Multivariate Interpolation of Wind Field Based on Gaussian Process Regression

The resolution of the products of numerical weather prediction is limited by the resolution of numerical models and computing resources, which can be improved accurately by a well-chosen interpolation algorithm. This paper is intended to improve the accuracy of spatial interpolation towards wind fields. A new composited multi-scale anisotropic kernel function for weather processes using two-dimensional space information is proposed. To fix the underfitting in this kernel caused by unilateral space information, multiple variables (wind direction, air temperature, and atmospheric pressure) are introduced, which generates a multivariate correction model based on the novel kernel function and Gaussian process regression. Focusing on different weather processes, two multivariate correction models are designed. The new models pave a new way to employ multi-scale local information, and extract the anisotropy and structure information.
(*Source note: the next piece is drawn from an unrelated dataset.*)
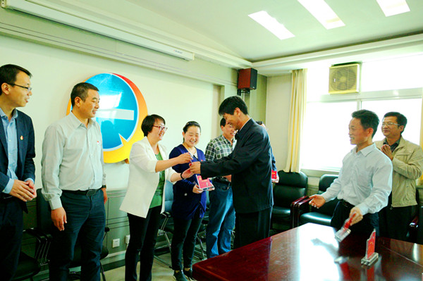 安增會介紹了設立“黨員先鋒崗”的有關情況。機關黨委副書記宣讀了《關于授予李崇勇等同志機關“黨員先鋒崗”的通知》。趙廷周為李崇勇、李順亭、劉葭、李小瑛、李衛華、范樂偉、韓濤等7名被授予“黨員先鋒崗”的同志授牌。

The experiments on 10 m wind fields for the weather processes without cyclones and for the weather processes with cyclones validate the efficiency. The mean RMSE of the multivariate correction model for the weather processes without cyclones is reduced by around 15% for the u wind component compared with that of a simple composited kernel. For the weather processes with cyclones, the mean RMSE of the novel model declines by around 55% compared to that of spline, and by about 95% compared to that of back propagation neural networks.